* WHAT YOU ARE ASKED TO DO:
Pictures in the listing do not belong in the copy, which should repeat exactly the lines from the one holding "Contenedor restringido de" through the last line.

* INFORMATION PROVIDED:
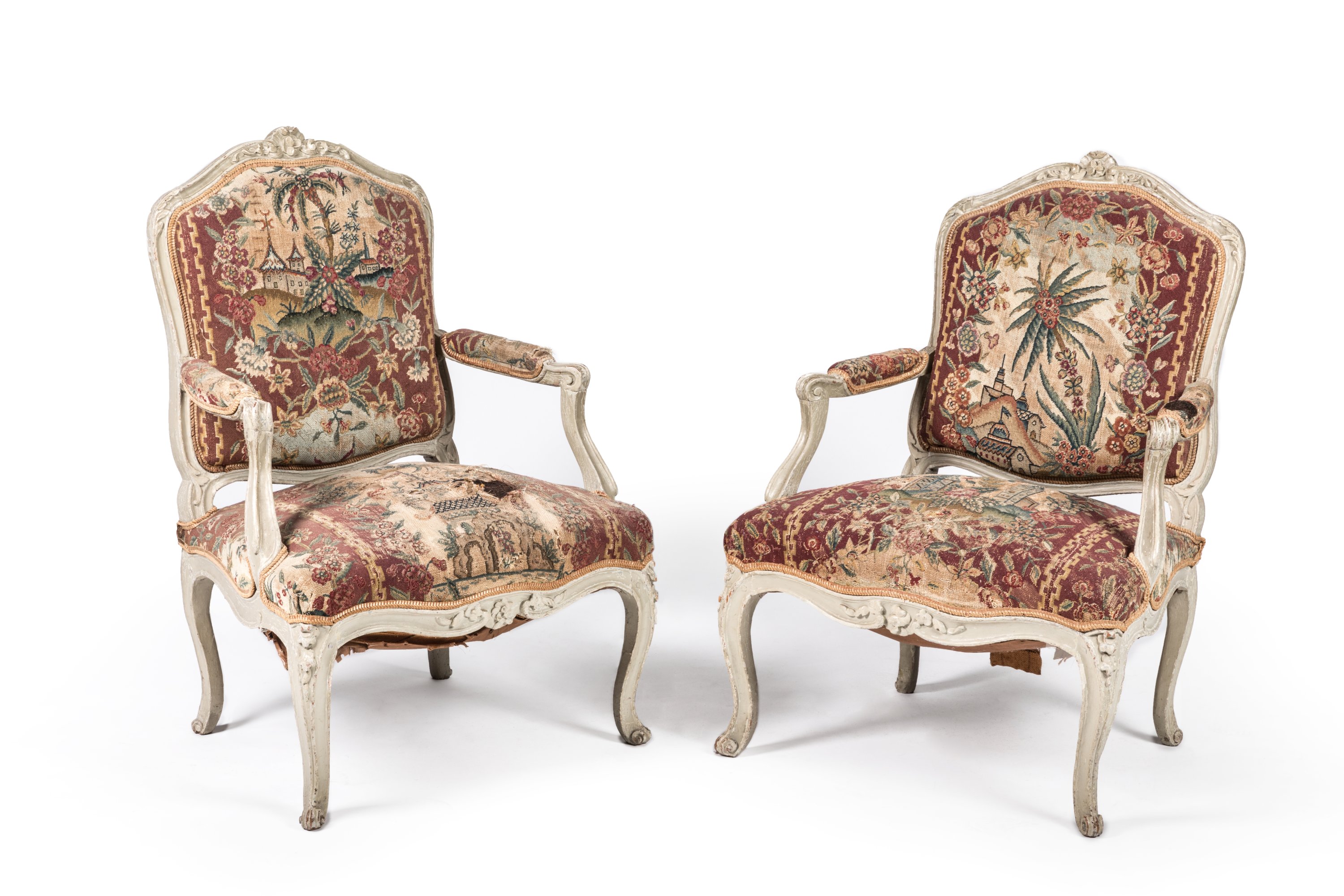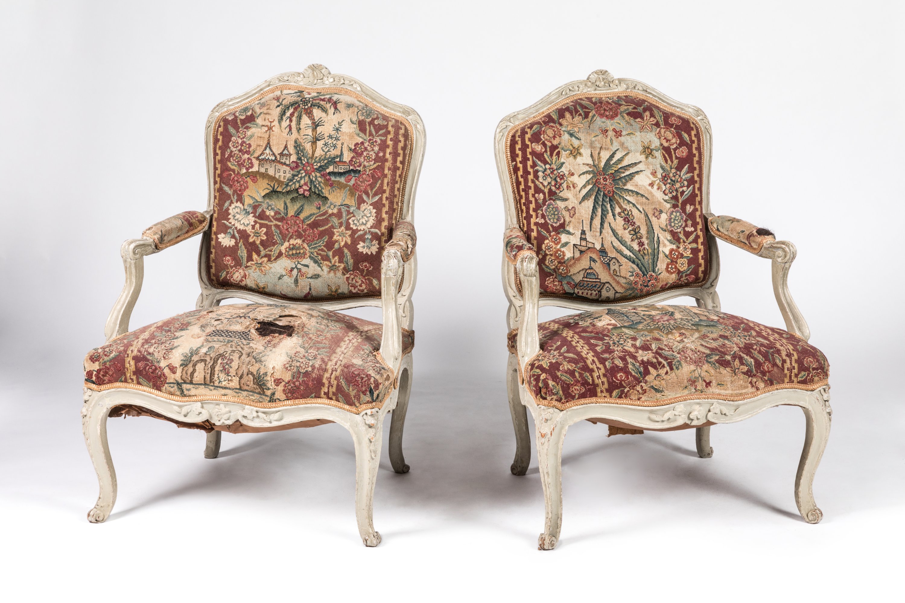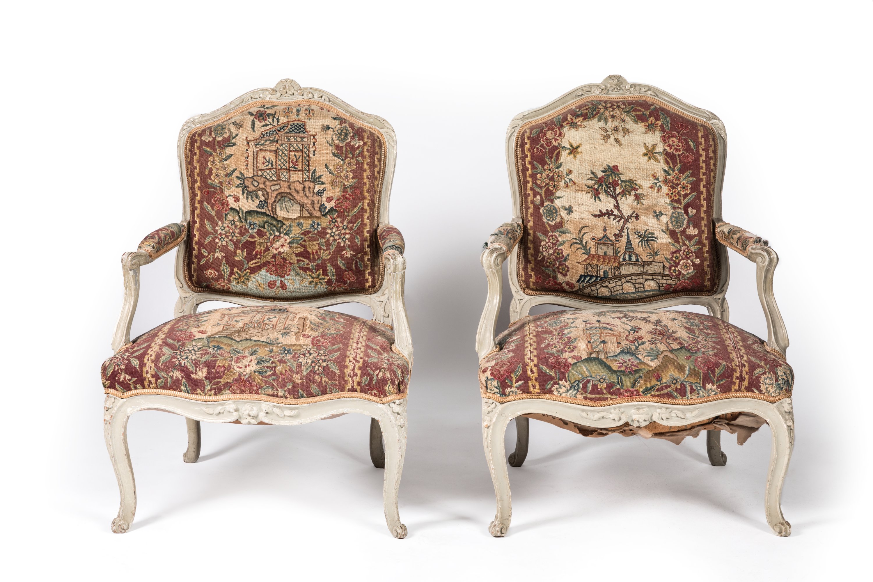 A rare 18th century set of six lacquered wood armchairs, two matching chairs and a fire screen by Jean Avisse and Claude-Louis Burgat. Stamped. Louis XV period.
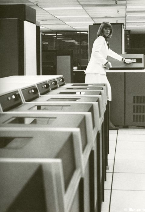 70e... как трогательно! перфолента еще, ни БОСа, ни ПДО, перфокарты подписывать... Электроника с золочеными контактами, все такое красивое, искрящееся. Обязательно фальшпол из алюминиевых плит и гермозона за стеклом. Война с пылью - белые халаты.
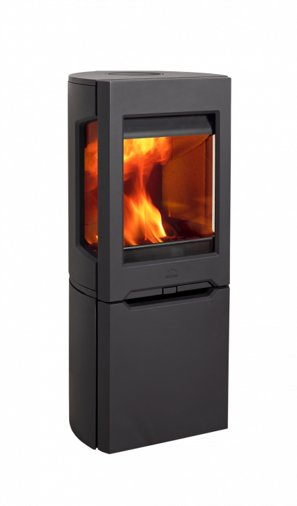 Benutzerfreundlicher, eleganter und moderner Kaminofen mit Glas auf drei Seiten. Der Kaminofen verfügt über Luftspülung und Spezialglas an den Seiten mit einer Beschichtung, die dazu beiträgt, dass die Scheiben sauberer bleiben und die Flammen von mehreren Seiten im Raum gut sichtbar sind. Ein Ventil erleichtert das Anzünden und Feuern. Der Kaminofen eignet sich besonders für moderne Haushalte und zum Heizen mit geringer Leistung. Als Zusatzausstattung kann eine dekorative Oberplatte aus wärmespeicherndem Speckstein aufgesetzt werden, die die Wärme länger hält. Hinter der Sockeltür verbirgt sich ein praktischer Stauraum.
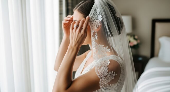 Elegant bride adjusting delicate lace wedding veil in soft morning light by window
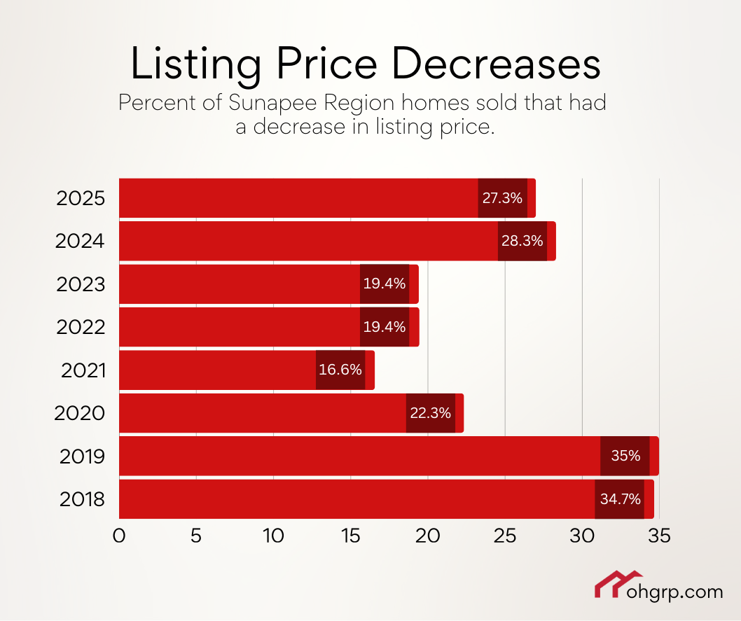 In 2025, 27% of homes sold in the Sunapee Region had a price decrease prior to sale. Of those price reductions, 61% occurred during the second half of the year, between July and December.
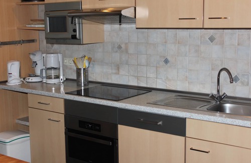 El bungalow se ha ampliado a 98 m² y se renovó en 2018 para que el salón sea más amplio y tenga mucha luz. La sala tiene una sala de estar separada para ver la televisión y desde ese ángulo puede mirar la cocina abierta con una placa de inducción, un horno de microondas con seis minutos de tecnología, un nuevo lavaplatos y una nevera con un congelador de 50 litros. Hay una cafetera normal y una máquina Senseo y una tostadora.
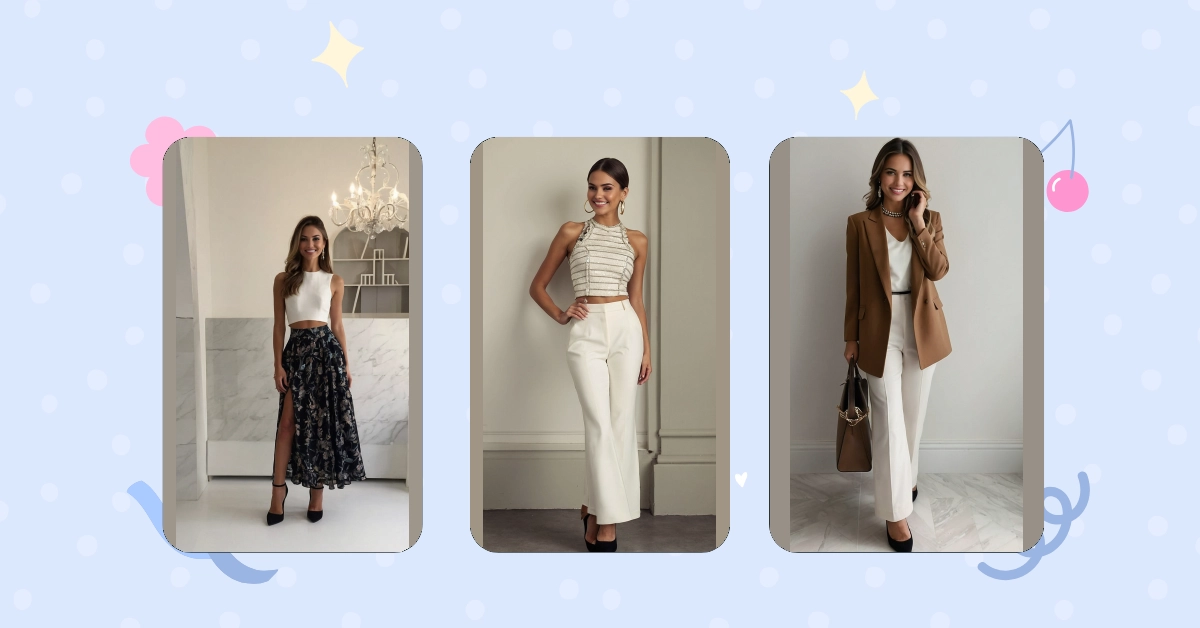 Looking for the perfect “spring outfits for women?” Check out this boss-level look! It’s like, business on the top with that sleek white blouse, but party on the bottom with those super cool, cropped blue pants. Plus, those heels? Total game-changer. You could rock this at school, a fancy lunch with your grandma, or even just strutting your stuff down Main Street.
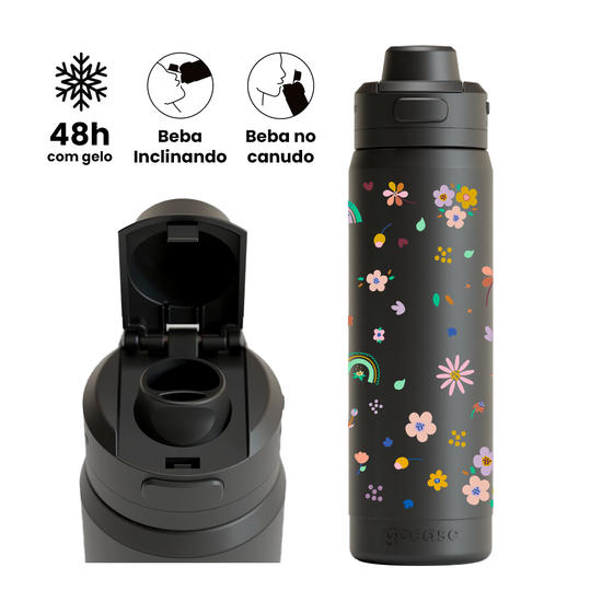 Garrafa Térmica Flip Pro + Ebook - Princesas - Princess Garden
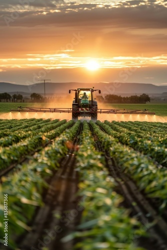 Irrigation tractor tending agricultural crop sunset Banner design integrates infographic data
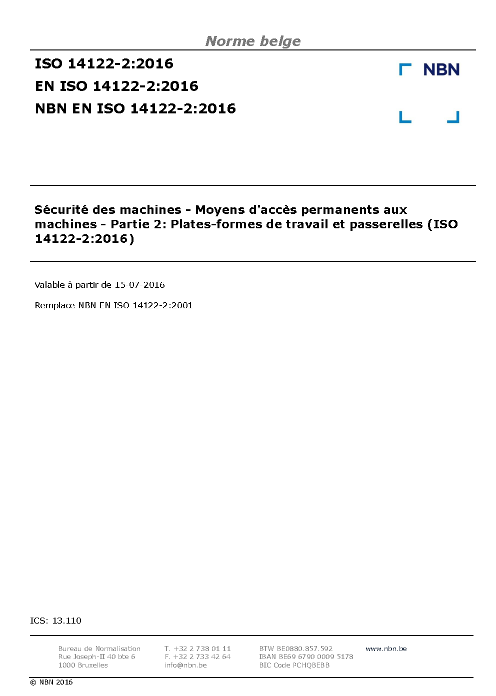 NBN EN ISO 14122-2:2001
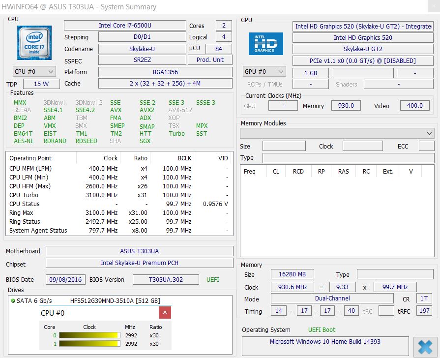 | Asus Transformer 3 Pro T303UA-GN050T HD Graphics 520, 6500U, SK Hynix Canvas SC300 512GB M.2 (HFS512G39MND) | Microsoft Surface Pro 4, Core m3 HD Graphics 515, 6Y30, Samsung MZFLV128 NVMe | Lenovo ThinkPad X1 Yoga-20FRS1VS00 HD Graphics 520, 6600U, Samsung SSD PM961 1TB M.2 PCIe 3.0 x4 NVMe (MZSLW1T0) | HP Elite x2 1012 G1 HD Graphics 515, 6Y54, Liteon L8H-256V2G | Acer Aspire Switch Alpha 12 SA5-271-56HM HD Graphics 520, 6200U, Kingston RBU-SNS8152S3256GG2 | |
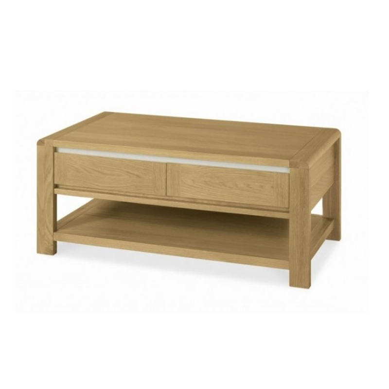 Sản phẩm có kích thước: 1100 x 600 x 450 mm. Lý tưởng với những phòng khách nhỏ, chiếc bàn trà này có 2 ngăn kéo 2 bên rất hữu ích để cất giữ điều khiển TV, bộ bài, máy tính bảng… Bề mặt bàn có thể để bộ ly tách, sách báo… Bàn thuộc bộ sưu tập Casa đặc trưng bởi phong cách đồng quê với nóc dầy bo góc và bộ khung chắc khỏe. Chất liệu bàn làm từ gỗ sồi trắng Mỹ lâu năm có khả năng kháng sâu mọt cao và chế tác hoàn toàn thủ công bởi những người thợ lành nghề. Vân gỗ dạng đồng tâm và mưa rơi của những cây gỗ lâu năm được sơn PU cao cấp, tạo nên sự độc đáo cho mỗi sản phẩm, góp phần làm cho không gian nội thất thêm quyến rũ.
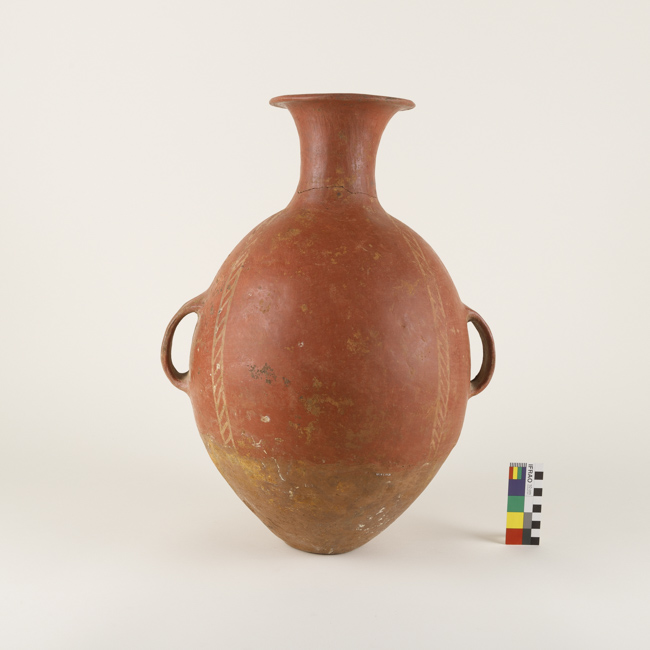 Contenedor restringido de perfil compuesto. Cuerpo ovoidal de base apuntada de terminación plana, cuello largo y borde evertido. Presenta dos asas verticales y superficie pintada en dos bandas que rodean verticalmente cada asa con motivo en líneas diagonales. En color blanco sobre engobe rojo.
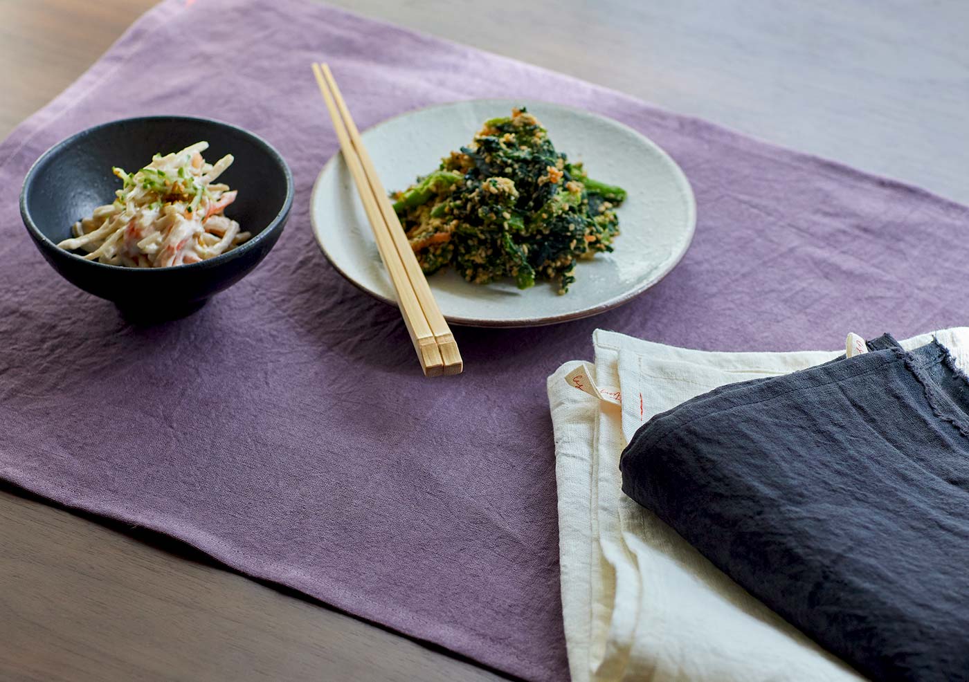 イデーオリジナルのキッチンファブリック à table(ア ターブル)リネンシリーズ。 リネン100%の生地に洗いをかけたやわらかな風合いのシンプルなプレイスマットとキッチンクロスです。 普段は隠れてしまう生地の耳を生かしてさりげないアクセントをつけました。使うほどにリネンらしい風合いが増し、日常にやさしく寄り添います。
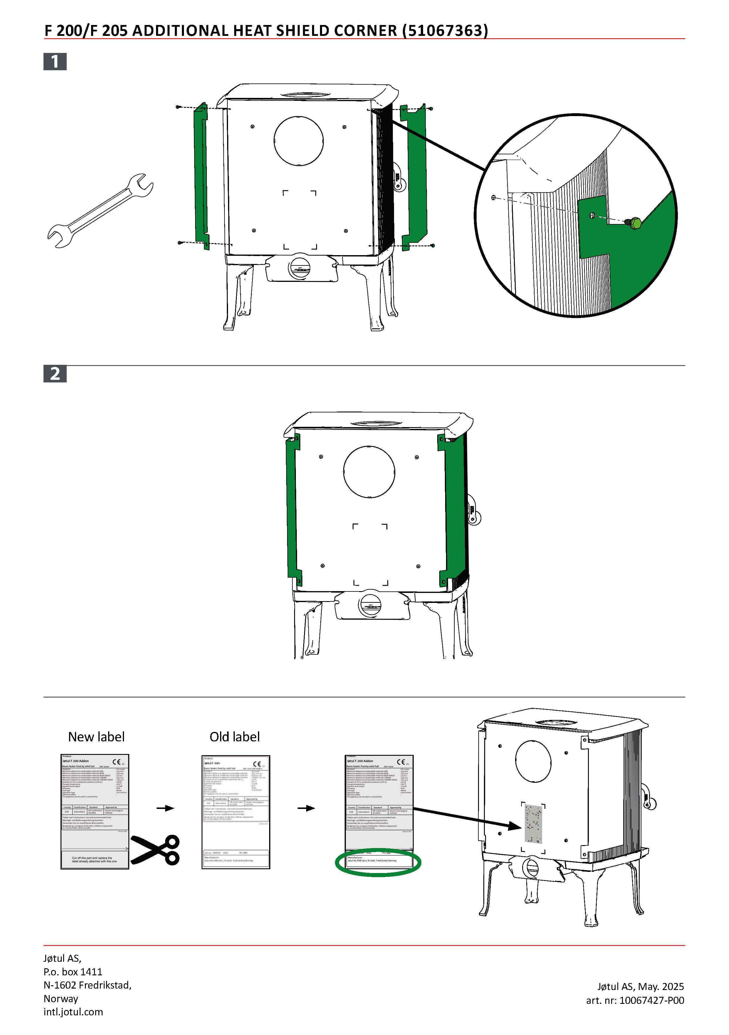 ✅ Nieuwe productiemodellen, Jøtul F 200 V2 / F 205 V2, zijn uitgerust met een bijgewerkt hitteschild en nieuwe afstanden tot brandbare wanden.
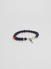 Japanese for fish eggs, 'Tobiko' is designed in The Lairs neighbouring design studio. Tobiko harmonises an assortment of black keshi pearls with a single prominent natural carnelian, threaded onto 9ct yellow gold string. A distinct handmade fish hook clasp is a feature designed to be worn alongside the beads. Tobiko is finished with The Lairs signature hallmark stamped totem charm.

* PROBLEM SOLUTION:
 Contenedor restringido de perfil compuesto. Cuerpo ovoidal de base apuntada de terminación plana, cuello largo y borde evertido. Presenta dos asas verticales y superficie pintada en dos bandas que rodean verticalmente cada asa con motivo en líneas diagonales. En color blanco sobre engobe rojo.
 イデーオリジナルのキッチンファブリック à table(ア ターブル)リネンシリーズ。 リネン100%の生地に洗いをかけたやわらかな風合いのシンプルなプレイスマットとキッチンクロスです。 普段は隠れてしまう生地の耳を生かしてさりげないアクセントをつけました。使うほどにリネンらしい風合いが増し、日常にやさしく寄り添います。
 ✅ Nieuwe productiemodellen, Jøtul F 200 V2 / F 205 V2, zijn uitgerust met een bijgewerkt hitteschild en nieuwe afstanden tot brandbare wanden.
 Japanese for fish eggs, 'Tobiko' is designed in The Lairs neighbouring design studio. Tobiko harmonises an assortment of black keshi pearls with a single prominent natural carnelian, threaded onto 9ct yellow gold string. A distinct handmade fish hook clasp is a feature designed to be worn alongside the beads. Tobiko is finished with The Lairs signature hallmark stamped totem charm.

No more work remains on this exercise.